(Source data)

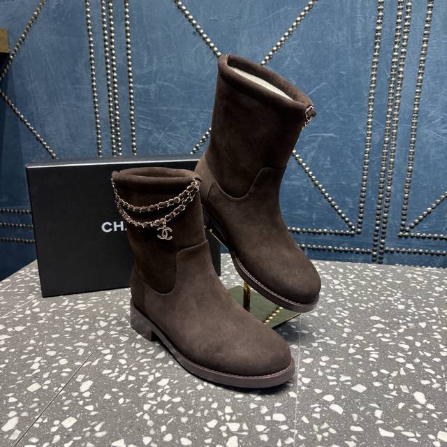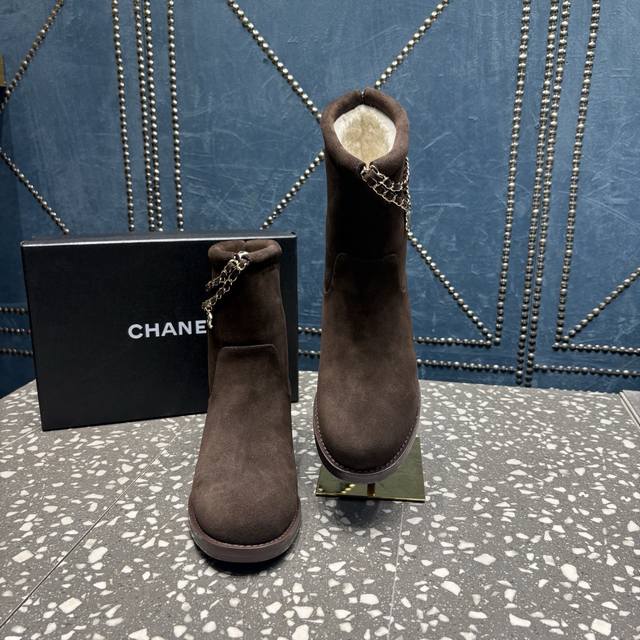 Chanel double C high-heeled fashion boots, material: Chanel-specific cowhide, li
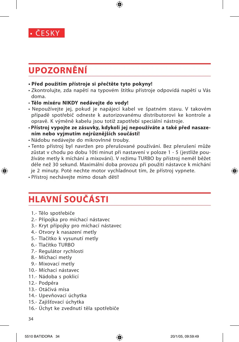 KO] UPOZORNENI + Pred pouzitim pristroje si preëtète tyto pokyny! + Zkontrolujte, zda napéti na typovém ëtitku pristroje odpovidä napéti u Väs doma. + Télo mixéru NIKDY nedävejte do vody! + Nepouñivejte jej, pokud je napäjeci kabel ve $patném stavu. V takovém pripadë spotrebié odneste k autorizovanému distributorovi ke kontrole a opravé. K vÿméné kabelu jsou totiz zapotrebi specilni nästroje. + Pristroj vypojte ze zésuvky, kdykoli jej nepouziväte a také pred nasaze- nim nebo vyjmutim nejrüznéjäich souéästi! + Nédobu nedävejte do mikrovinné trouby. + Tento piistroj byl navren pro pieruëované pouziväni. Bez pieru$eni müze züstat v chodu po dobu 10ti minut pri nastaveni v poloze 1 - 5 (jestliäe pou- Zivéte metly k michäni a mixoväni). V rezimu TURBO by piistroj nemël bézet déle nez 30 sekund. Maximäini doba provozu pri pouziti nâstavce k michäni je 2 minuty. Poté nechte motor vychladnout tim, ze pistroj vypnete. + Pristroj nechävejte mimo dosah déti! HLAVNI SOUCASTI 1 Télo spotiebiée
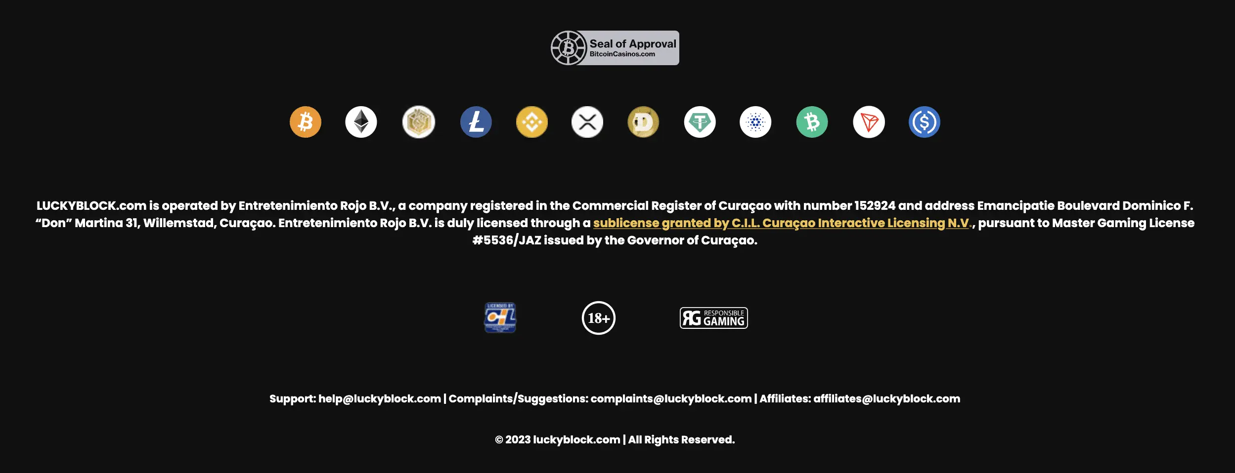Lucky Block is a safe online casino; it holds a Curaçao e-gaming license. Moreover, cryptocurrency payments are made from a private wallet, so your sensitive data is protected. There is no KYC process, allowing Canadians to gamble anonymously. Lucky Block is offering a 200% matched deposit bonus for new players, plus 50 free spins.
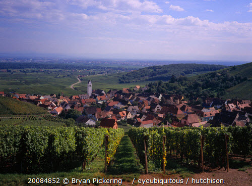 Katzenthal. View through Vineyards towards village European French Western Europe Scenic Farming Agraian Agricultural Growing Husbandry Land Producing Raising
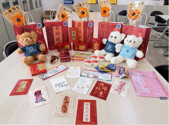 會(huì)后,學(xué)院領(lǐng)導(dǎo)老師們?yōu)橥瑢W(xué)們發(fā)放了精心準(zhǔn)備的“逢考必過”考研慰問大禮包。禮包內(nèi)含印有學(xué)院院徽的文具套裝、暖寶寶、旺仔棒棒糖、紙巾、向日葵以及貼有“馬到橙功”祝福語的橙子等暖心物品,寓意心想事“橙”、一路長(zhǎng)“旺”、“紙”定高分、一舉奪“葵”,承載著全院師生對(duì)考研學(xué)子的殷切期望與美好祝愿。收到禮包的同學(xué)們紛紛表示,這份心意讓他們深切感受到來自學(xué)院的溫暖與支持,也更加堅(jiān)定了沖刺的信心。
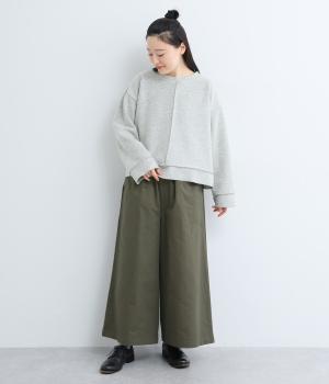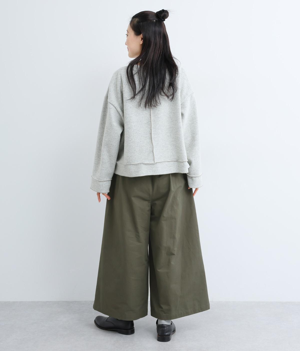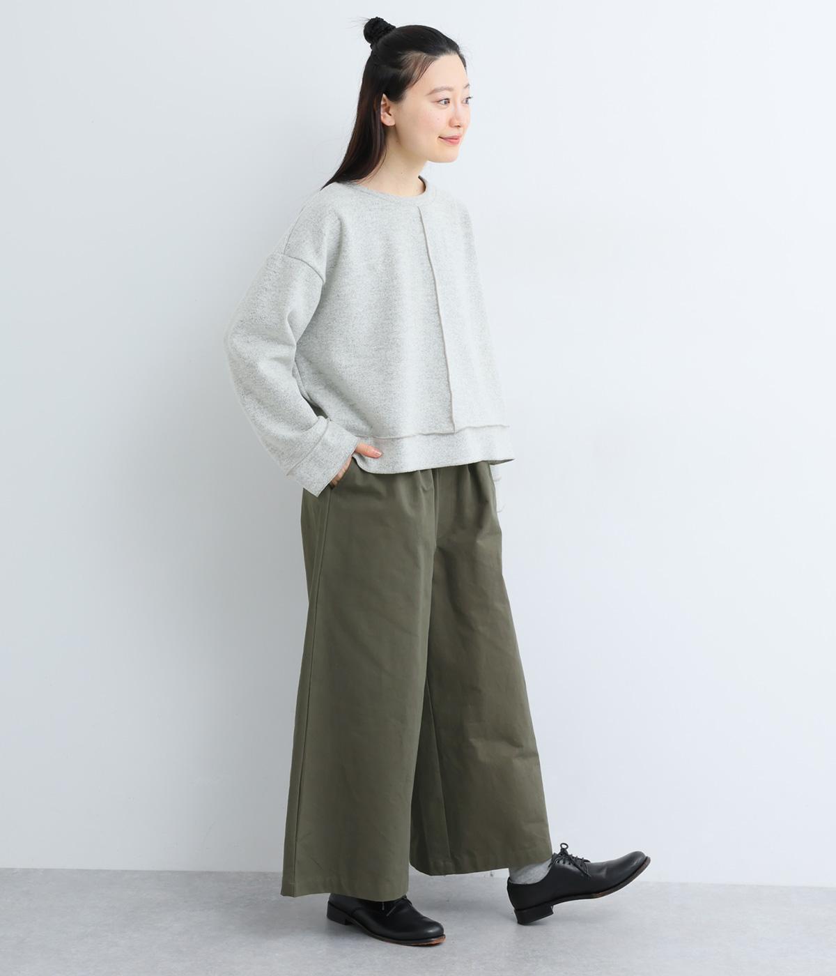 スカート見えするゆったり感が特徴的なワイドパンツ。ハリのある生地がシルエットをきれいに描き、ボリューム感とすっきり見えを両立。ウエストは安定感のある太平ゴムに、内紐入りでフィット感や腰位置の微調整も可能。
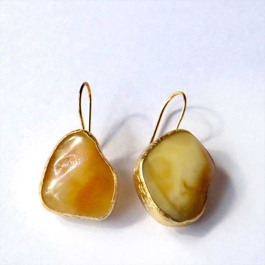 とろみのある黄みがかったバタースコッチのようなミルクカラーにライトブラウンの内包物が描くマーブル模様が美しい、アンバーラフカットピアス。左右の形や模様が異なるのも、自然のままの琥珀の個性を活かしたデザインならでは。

### Activity
Exclude all pictures and return precisely the lines from the one containing "Katzenthal. View through" through the closing line of the data.

### Task answer
 Katzenthal. View through Vineyards towards village European French Western Europe Scenic Farming Agraian Agricultural Growing Husbandry Land Producing Raising
 會(huì)后,學(xué)院領(lǐng)導(dǎo)老師們?yōu)橥瑢W(xué)們發(fā)放了精心準(zhǔn)備的“逢考必過”考研慰問大禮包。禮包內(nèi)含印有學(xué)院院徽的文具套裝、暖寶寶、旺仔棒棒糖、紙巾、向日葵以及貼有“馬到橙功”祝福語的橙子等暖心物品,寓意心想事“橙”、一路長(zhǎng)“旺”、“紙”定高分、一舉奪“葵”,承載著全院師生對(duì)考研學(xué)子的殷切期望與美好祝愿。收到禮包的同學(xué)們紛紛表示,這份心意讓他們深切感受到來自學(xué)院的溫暖與支持,也更加堅(jiān)定了沖刺的信心。
 スカート見えするゆったり感が特徴的なワイドパンツ。ハリのある生地がシルエットをきれいに描き、ボリューム感とすっきり見えを両立。ウエストは安定感のある太平ゴムに、内紐入りでフィット感や腰位置の微調整も可能。
 とろみのある黄みがかったバタースコッチのようなミルクカラーにライトブラウンの内包物が描くマーブル模様が美しい、アンバーラフカットピアス。左右の形や模様が異なるのも、自然のままの琥珀の個性を活かしたデザインならでは。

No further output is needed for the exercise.